[SOURCE MATERIAL — start]

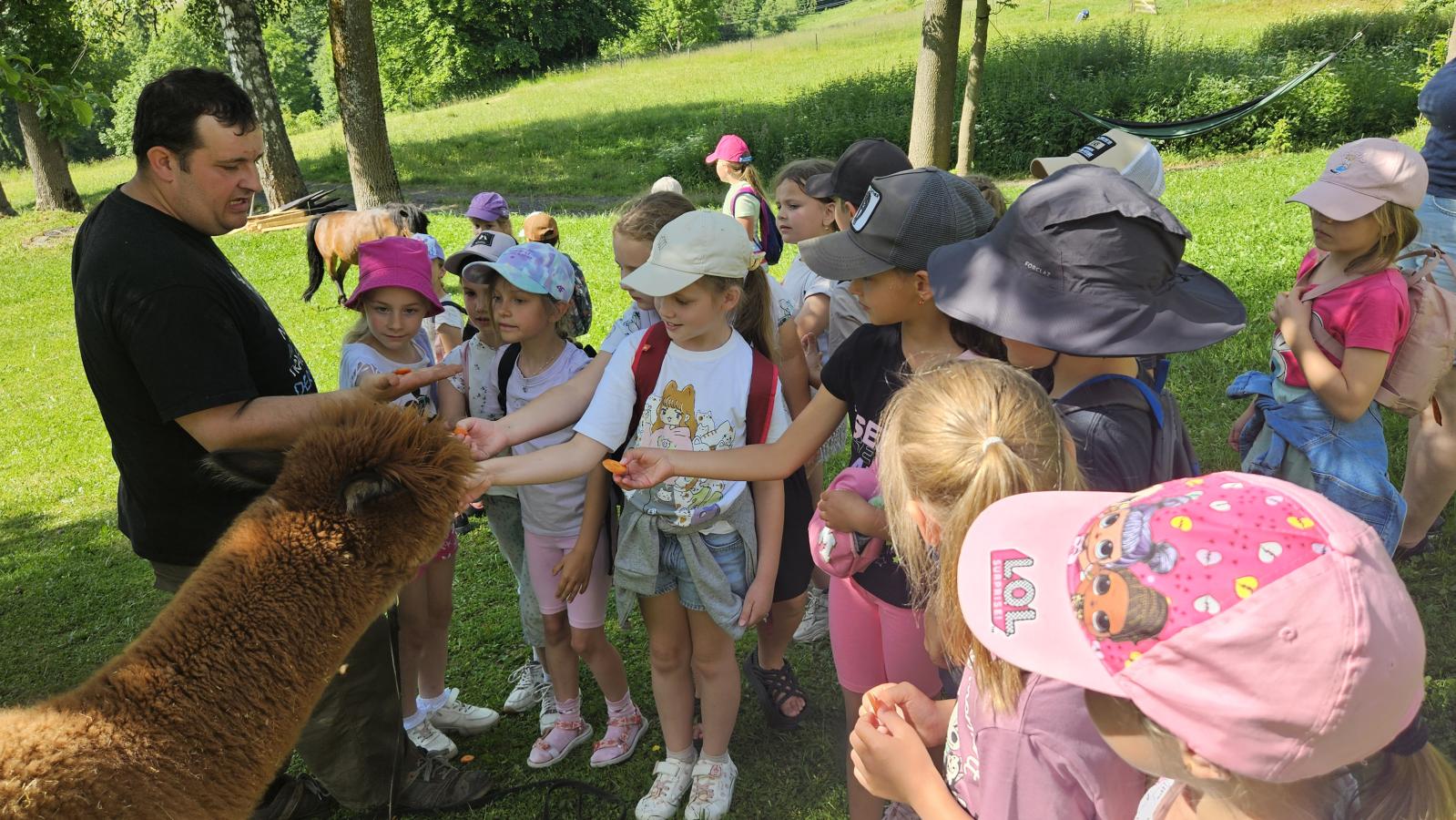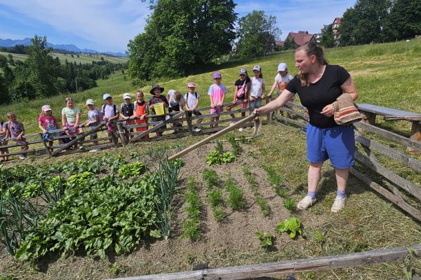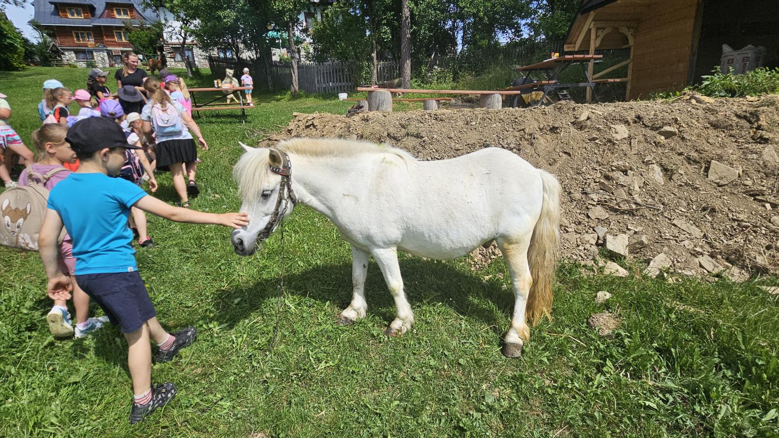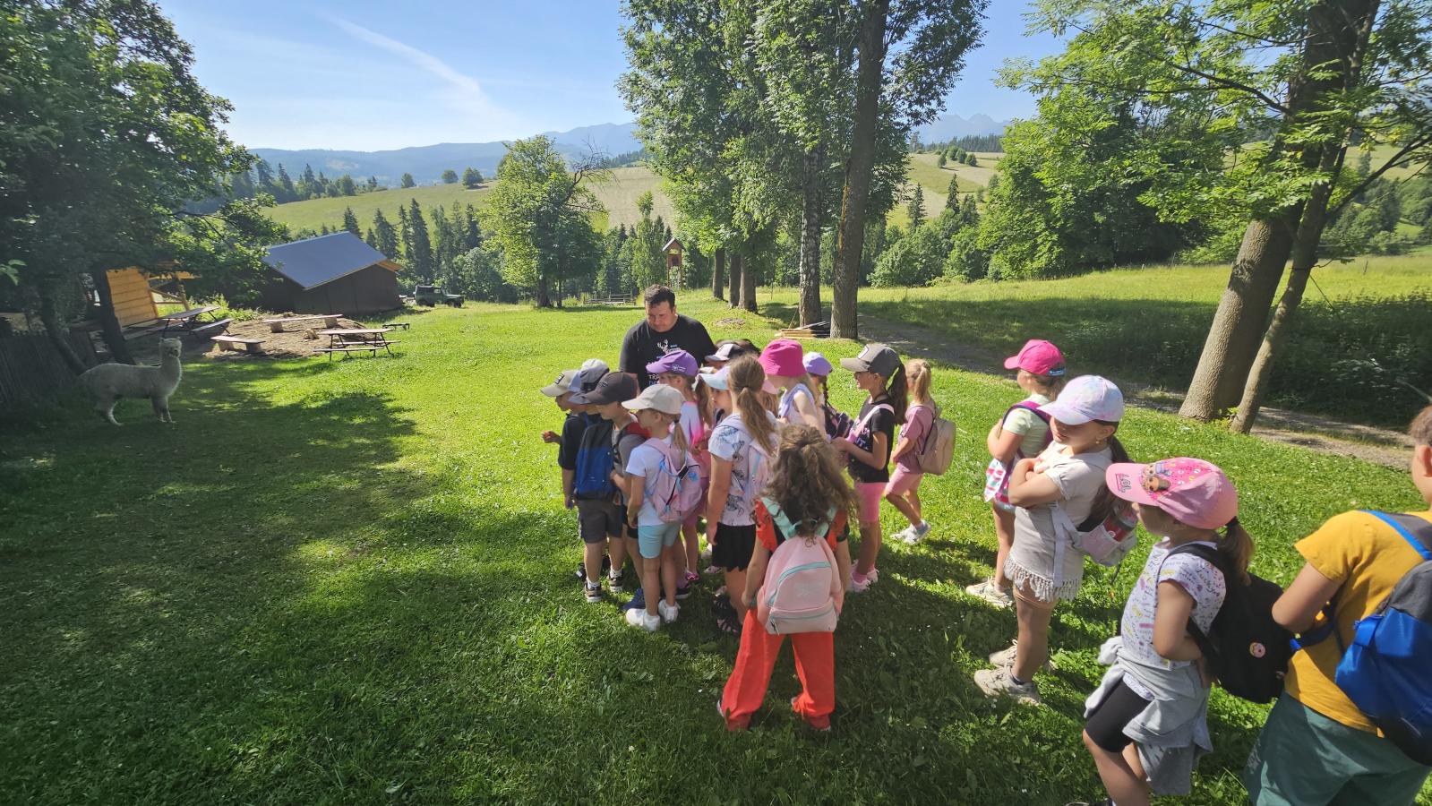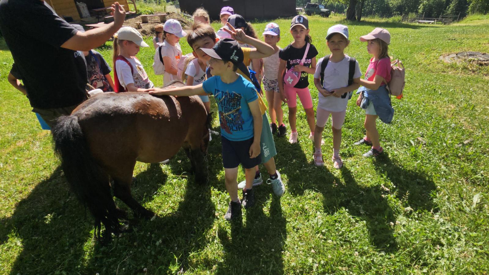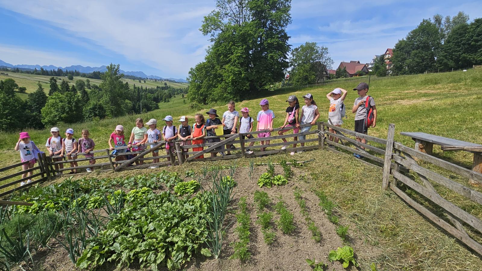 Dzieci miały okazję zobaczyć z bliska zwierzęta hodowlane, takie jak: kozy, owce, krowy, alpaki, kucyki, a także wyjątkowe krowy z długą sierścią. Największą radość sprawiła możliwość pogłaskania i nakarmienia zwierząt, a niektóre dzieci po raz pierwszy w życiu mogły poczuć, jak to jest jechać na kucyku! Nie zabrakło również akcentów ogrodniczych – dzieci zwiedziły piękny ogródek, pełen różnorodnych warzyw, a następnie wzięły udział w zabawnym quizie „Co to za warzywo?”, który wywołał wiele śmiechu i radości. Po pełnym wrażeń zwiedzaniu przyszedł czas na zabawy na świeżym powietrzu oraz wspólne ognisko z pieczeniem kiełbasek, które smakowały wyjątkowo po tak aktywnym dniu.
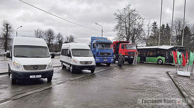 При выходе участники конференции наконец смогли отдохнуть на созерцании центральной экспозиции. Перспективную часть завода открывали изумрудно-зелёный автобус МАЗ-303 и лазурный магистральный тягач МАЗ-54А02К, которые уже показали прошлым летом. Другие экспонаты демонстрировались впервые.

[SOURCE MATERIAL — finish]
[SOURCE MATERIAL — start]

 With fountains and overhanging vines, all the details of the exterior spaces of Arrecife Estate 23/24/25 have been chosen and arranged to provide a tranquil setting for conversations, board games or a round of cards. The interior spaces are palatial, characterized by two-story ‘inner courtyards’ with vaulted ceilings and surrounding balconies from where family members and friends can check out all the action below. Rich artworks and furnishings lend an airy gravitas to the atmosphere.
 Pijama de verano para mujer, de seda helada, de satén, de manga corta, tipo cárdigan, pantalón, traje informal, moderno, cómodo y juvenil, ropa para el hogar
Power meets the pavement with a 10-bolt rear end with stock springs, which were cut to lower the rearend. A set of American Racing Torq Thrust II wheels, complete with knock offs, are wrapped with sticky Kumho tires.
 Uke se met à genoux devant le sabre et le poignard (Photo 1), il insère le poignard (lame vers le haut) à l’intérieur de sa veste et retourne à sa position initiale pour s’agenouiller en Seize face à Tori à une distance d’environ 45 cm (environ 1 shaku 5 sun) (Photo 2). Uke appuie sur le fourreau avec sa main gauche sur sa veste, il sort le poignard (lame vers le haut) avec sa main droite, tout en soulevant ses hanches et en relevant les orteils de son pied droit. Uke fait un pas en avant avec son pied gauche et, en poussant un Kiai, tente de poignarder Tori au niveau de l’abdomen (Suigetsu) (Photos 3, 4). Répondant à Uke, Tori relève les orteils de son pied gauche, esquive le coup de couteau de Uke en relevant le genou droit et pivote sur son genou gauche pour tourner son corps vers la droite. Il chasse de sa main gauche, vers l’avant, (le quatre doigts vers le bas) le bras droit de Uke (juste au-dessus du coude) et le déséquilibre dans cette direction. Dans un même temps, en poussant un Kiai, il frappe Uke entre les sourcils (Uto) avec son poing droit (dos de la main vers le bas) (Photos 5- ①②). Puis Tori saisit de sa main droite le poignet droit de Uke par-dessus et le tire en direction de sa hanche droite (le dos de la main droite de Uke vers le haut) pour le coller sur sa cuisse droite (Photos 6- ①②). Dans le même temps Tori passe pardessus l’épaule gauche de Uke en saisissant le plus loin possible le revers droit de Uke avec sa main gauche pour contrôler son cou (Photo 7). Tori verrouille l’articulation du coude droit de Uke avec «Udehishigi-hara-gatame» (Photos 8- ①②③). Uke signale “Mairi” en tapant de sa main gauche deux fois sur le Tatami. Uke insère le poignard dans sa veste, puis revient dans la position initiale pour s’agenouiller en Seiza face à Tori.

[SOURCE MATERIAL — finish]

◆ WHAT YOU NEED TO DO
Would you show all lines of the material above that contain the word "with"?

◆ COMPLETED TASK
 With fountains and overhanging vines, all the details of the exterior spaces of Arrecife Estate 23/24/25 have been chosen and arranged to provide a tranquil setting for conversations, board games or a round of cards. The interior spaces are palatial, characterized by two-story ‘inner courtyards’ with vaulted ceilings and surrounding balconies from where family members and friends can check out all the action below. Rich artworks and furnishings lend an airy gravitas to the atmosphere.
Power meets the pavement with a 10-bolt rear end with stock springs, which were cut to lower the rearend. A set of American Racing Torq Thrust II wheels, complete with knock offs, are wrapped with sticky Kumho tires.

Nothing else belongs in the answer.